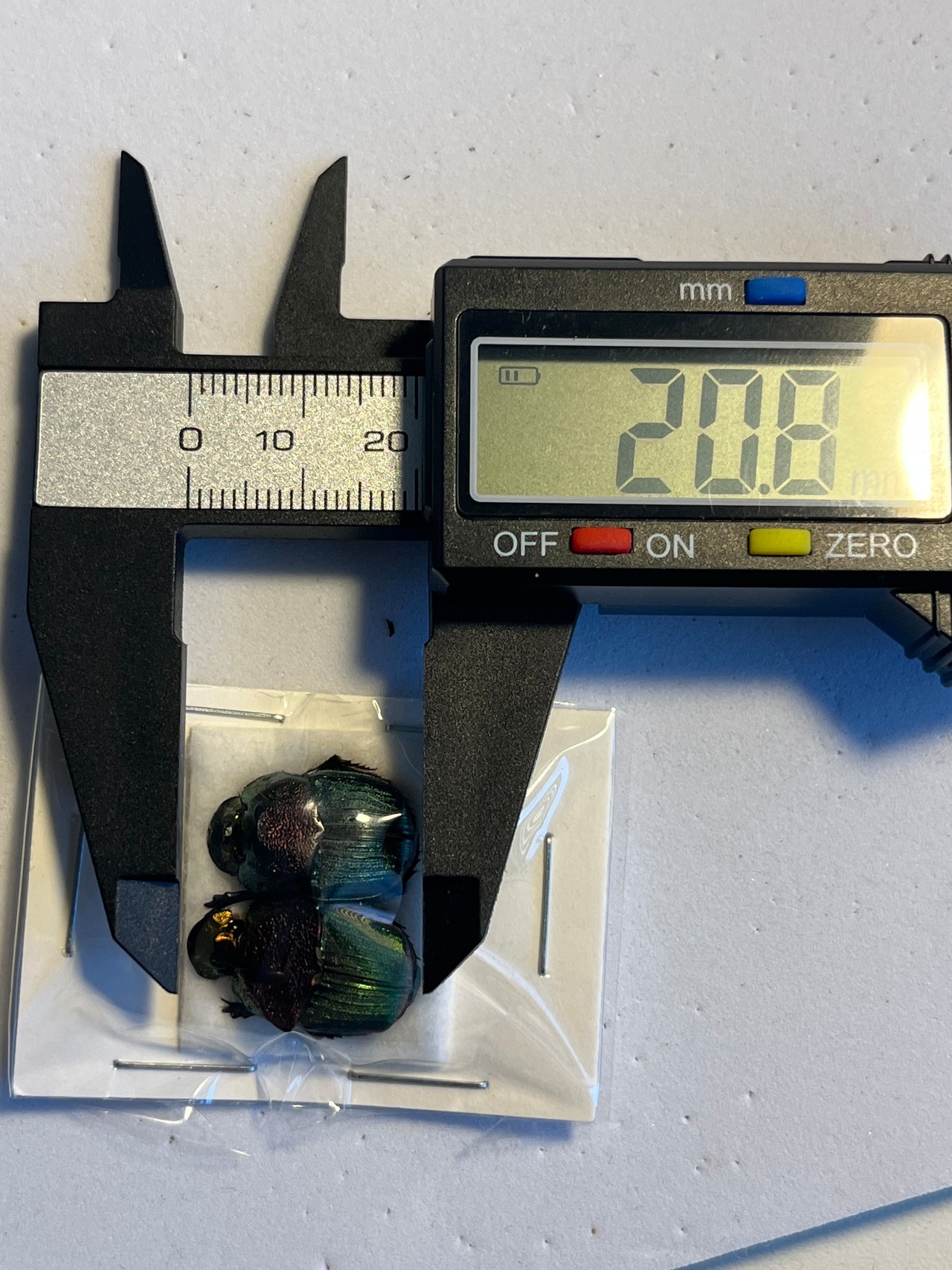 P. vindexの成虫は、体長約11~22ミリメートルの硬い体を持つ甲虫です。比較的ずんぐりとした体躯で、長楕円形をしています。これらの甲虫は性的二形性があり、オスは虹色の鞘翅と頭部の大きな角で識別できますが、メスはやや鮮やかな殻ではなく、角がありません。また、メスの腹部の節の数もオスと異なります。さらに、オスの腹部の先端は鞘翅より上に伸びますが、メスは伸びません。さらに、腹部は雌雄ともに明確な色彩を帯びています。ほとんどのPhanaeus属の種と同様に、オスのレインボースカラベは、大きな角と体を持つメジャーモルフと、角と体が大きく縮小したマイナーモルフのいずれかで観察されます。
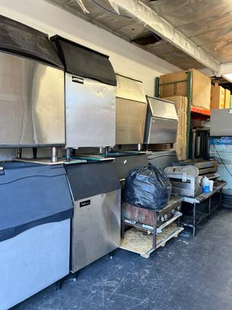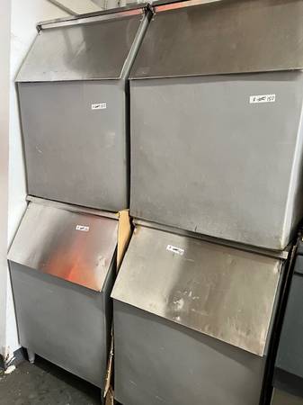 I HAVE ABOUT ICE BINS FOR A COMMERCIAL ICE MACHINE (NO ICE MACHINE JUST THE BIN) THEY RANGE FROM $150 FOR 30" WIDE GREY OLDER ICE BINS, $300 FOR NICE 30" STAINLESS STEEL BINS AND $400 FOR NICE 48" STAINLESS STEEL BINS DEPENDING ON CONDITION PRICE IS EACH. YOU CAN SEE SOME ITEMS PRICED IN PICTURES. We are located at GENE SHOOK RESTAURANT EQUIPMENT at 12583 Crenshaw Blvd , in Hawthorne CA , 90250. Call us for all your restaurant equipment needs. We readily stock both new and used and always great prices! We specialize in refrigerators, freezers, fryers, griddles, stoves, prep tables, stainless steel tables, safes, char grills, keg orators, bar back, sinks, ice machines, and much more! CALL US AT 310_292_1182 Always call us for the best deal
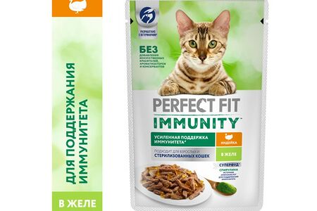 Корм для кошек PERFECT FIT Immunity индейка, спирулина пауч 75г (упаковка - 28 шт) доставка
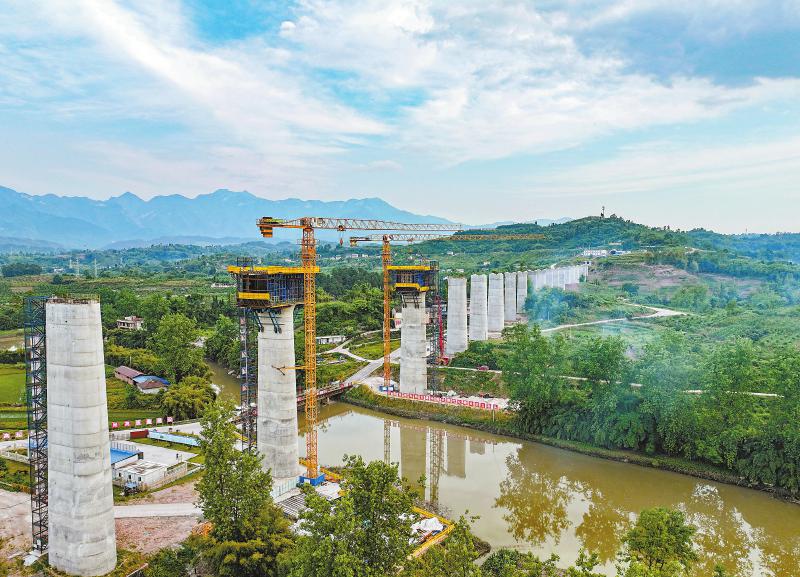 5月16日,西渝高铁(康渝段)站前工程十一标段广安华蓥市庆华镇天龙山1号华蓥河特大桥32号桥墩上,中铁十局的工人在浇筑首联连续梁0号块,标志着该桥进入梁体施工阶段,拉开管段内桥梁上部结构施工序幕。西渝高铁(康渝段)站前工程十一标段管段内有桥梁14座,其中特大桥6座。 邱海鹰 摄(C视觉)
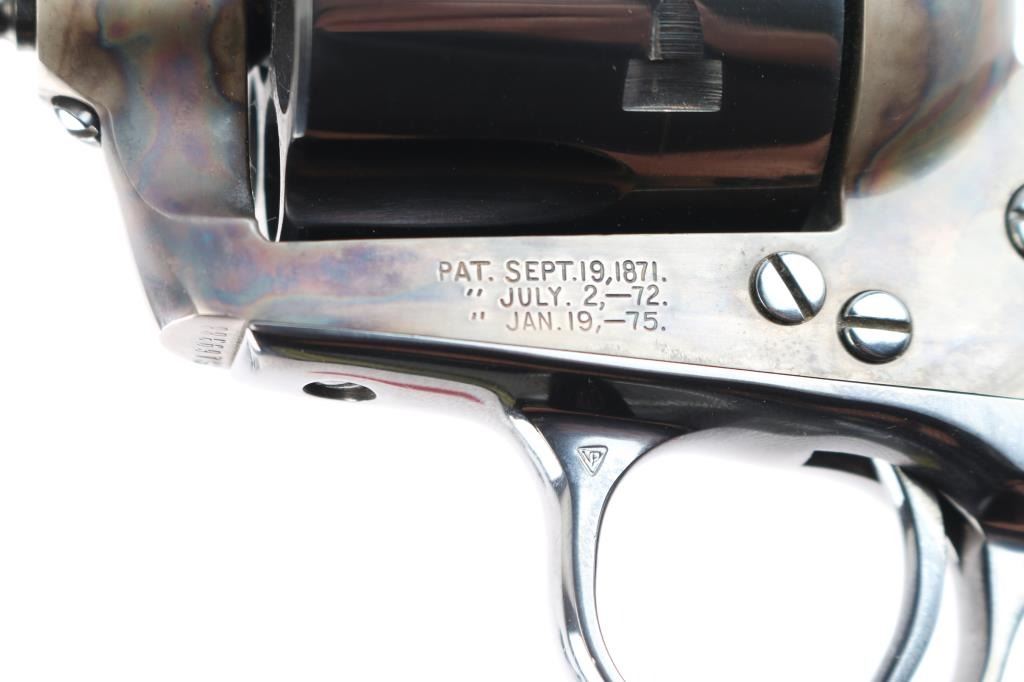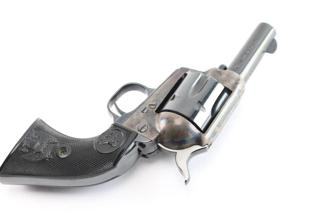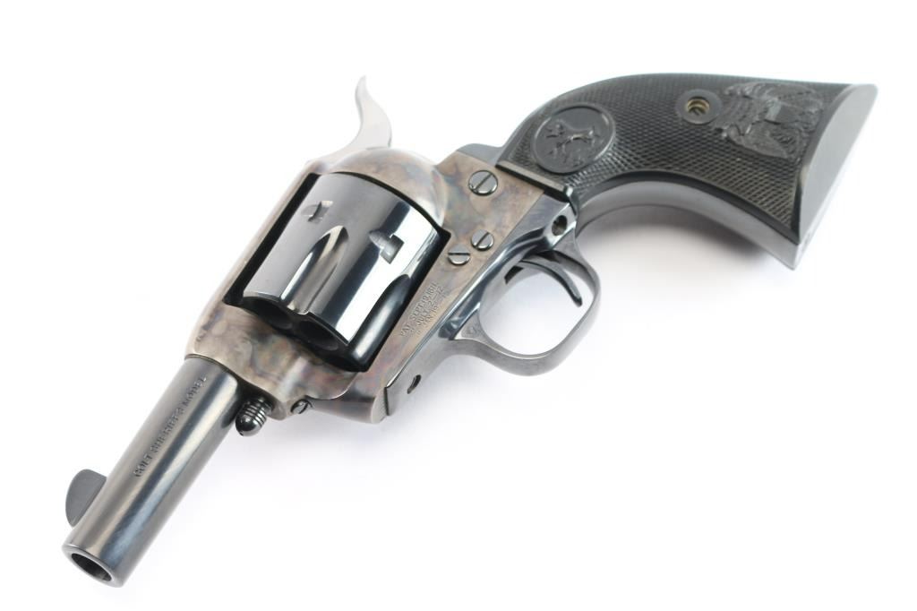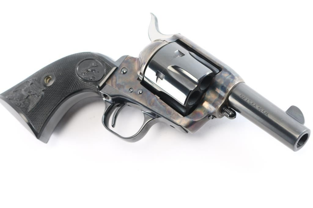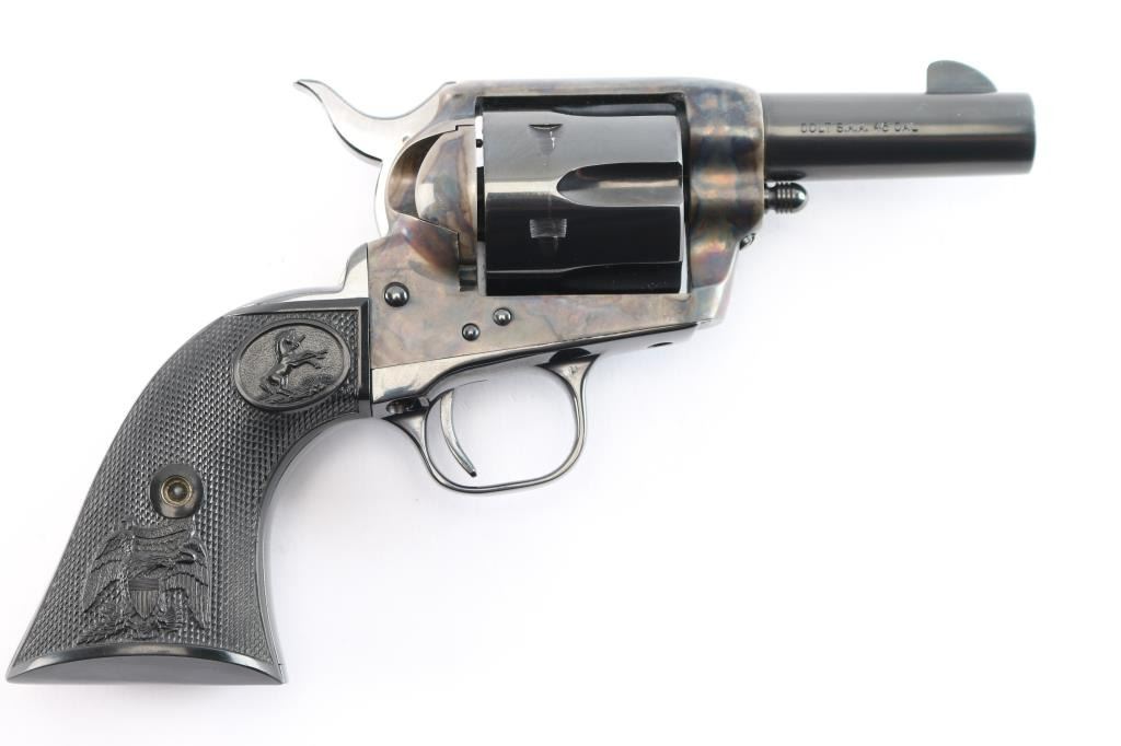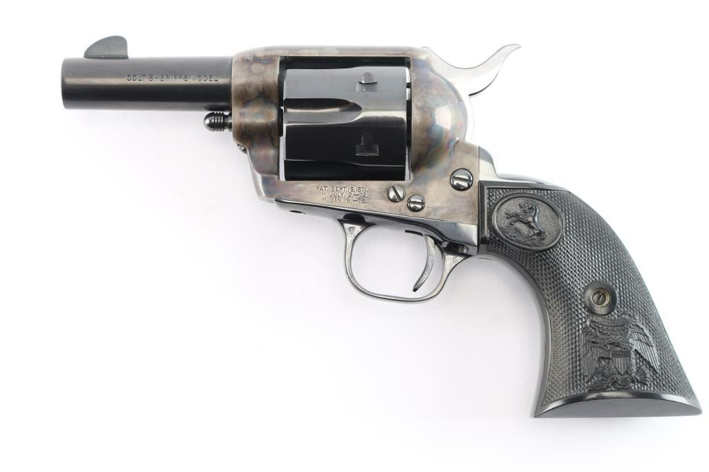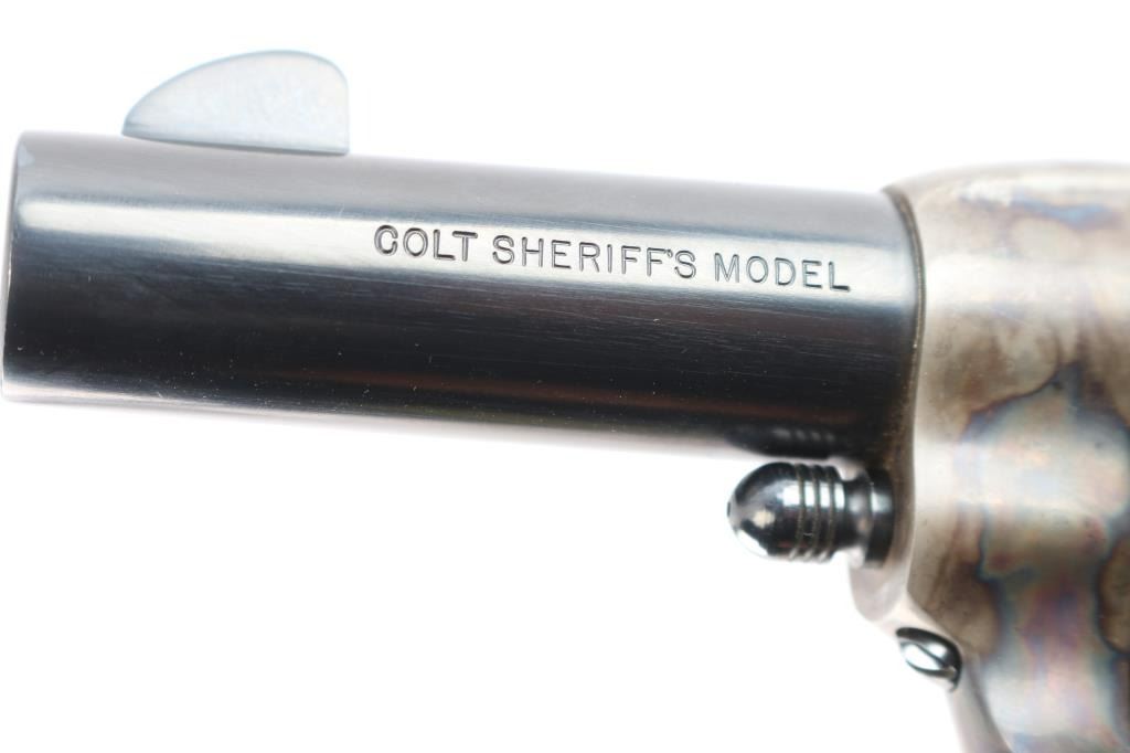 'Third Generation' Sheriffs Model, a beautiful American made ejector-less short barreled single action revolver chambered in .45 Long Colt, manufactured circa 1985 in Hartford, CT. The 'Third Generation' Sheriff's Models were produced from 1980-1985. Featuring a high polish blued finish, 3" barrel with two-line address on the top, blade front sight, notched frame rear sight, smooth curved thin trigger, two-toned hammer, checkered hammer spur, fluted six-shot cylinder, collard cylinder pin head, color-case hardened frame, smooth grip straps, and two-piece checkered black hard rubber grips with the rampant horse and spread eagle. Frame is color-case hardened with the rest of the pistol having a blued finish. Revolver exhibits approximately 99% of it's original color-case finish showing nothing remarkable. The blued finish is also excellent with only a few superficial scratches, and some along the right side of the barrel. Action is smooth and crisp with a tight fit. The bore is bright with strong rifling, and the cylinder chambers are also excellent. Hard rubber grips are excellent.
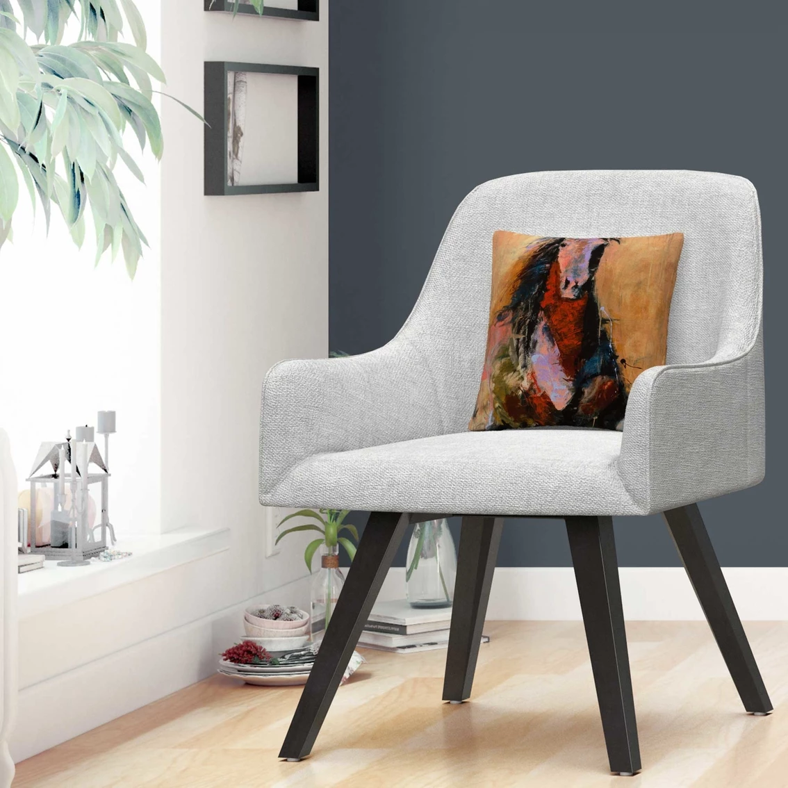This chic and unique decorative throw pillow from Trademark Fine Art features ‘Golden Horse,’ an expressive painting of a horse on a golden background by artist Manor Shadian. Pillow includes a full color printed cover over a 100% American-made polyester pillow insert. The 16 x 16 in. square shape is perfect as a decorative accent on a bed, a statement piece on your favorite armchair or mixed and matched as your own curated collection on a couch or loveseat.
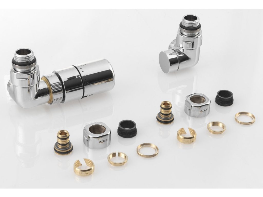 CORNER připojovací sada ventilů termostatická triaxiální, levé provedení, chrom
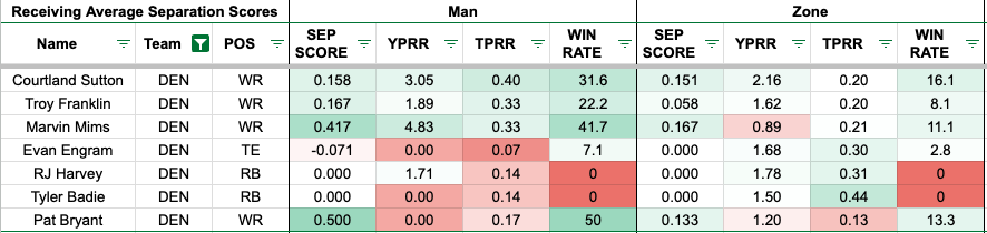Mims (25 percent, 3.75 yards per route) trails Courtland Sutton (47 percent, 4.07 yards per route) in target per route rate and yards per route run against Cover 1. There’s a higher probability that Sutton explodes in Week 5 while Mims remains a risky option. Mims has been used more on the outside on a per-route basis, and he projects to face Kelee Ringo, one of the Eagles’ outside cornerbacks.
....................
◆ PROBLEM STATEMENT ◆
Go through the records above and write out every line exactly, passing over the pictures.

◆ TASK OUTPUT ◆
 P. vindexの成虫は、体長約11~22ミリメートルの硬い体を持つ甲虫です。比較的ずんぐりとした体躯で、長楕円形をしています。これらの甲虫は性的二形性があり、オスは虹色の鞘翅と頭部の大きな角で識別できますが、メスはやや鮮やかな殻ではなく、角がありません。また、メスの腹部の節の数もオスと異なります。さらに、オスの腹部の先端は鞘翅より上に伸びますが、メスは伸びません。さらに、腹部は雌雄ともに明確な色彩を帯びています。ほとんどのPhanaeus属の種と同様に、オスのレインボースカラベは、大きな角と体を持つメジャーモルフと、角と体が大きく縮小したマイナーモルフのいずれかで観察されます。
 I HAVE ABOUT ICE BINS FOR A COMMERCIAL ICE MACHINE (NO ICE MACHINE JUST THE BIN) THEY RANGE FROM $150 FOR 30" WIDE GREY OLDER ICE BINS, $300 FOR NICE 30" STAINLESS STEEL BINS AND $400 FOR NICE 48" STAINLESS STEEL BINS DEPENDING ON CONDITION PRICE IS EACH. YOU CAN SEE SOME ITEMS PRICED IN PICTURES. We are located at GENE SHOOK RESTAURANT EQUIPMENT at 12583 Crenshaw Blvd , in Hawthorne CA , 90250. Call us for all your restaurant equipment needs. We readily stock both new and used and always great prices! We specialize in refrigerators, freezers, fryers, griddles, stoves, prep tables, stainless steel tables, safes, char grills, keg orators, bar back, sinks, ice machines, and much more! CALL US AT 310_292_1182 Always call us for the best deal
 Корм для кошек PERFECT FIT Immunity индейка, спирулина пауч 75г (упаковка - 28 шт) доставка
 5月16日,西渝高铁(康渝段)站前工程十一标段广安华蓥市庆华镇天龙山1号华蓥河特大桥32号桥墩上,中铁十局的工人在浇筑首联连续梁0号块,标志着该桥进入梁体施工阶段,拉开管段内桥梁上部结构施工序幕。西渝高铁(康渝段)站前工程十一标段管段内有桥梁14座,其中特大桥6座。 邱海鹰 摄(C视觉)
 'Third Generation' Sheriffs Model, a beautiful American made ejector-less short barreled single action revolver chambered in .45 Long Colt, manufactured circa 1985 in Hartford, CT. The 'Third Generation' Sheriff's Models were produced from 1980-1985. Featuring a high polish blued finish, 3" barrel with two-line address on the top, blade front sight, notched frame rear sight, smooth curved thin trigger, two-toned hammer, checkered hammer spur, fluted six-shot cylinder, collard cylinder pin head, color-case hardened frame, smooth grip straps, and two-piece checkered black hard rubber grips with the rampant horse and spread eagle. Frame is color-case hardened with the rest of the pistol having a blued finish. Revolver exhibits approximately 99% of it's original color-case finish showing nothing remarkable. The blued finish is also excellent with only a few superficial scratches, and some along the right side of the barrel. Action is smooth and crisp with a tight fit. The bore is bright with strong rifling, and the cylinder chambers are also excellent. Hard rubber grips are excellent.
This chic and unique decorative throw pillow from Trademark Fine Art features ‘Golden Horse,’ an expressive painting of a horse on a golden background by artist Manor Shadian. Pillow includes a full color printed cover over a 100% American-made polyester pillow insert. The 16 x 16 in. square shape is perfect as a decorative accent on a bed, a statement piece on your favorite armchair or mixed and matched as your own curated collection on a couch or loveseat.
 CORNER připojovací sada ventilů termostatická triaxiální, levé provedení, chrom
Mims (25 percent, 3.75 yards per route) trails Courtland Sutton (47 percent, 4.07 yards per route) in target per route rate and yards per route run against Cover 1. There’s a higher probability that Sutton explodes in Week 5 while Mims remains a risky option. Mims has been used more on the outside on a per-route basis, and he projects to face Kelee Ringo, one of the Eagles’ outside cornerbacks.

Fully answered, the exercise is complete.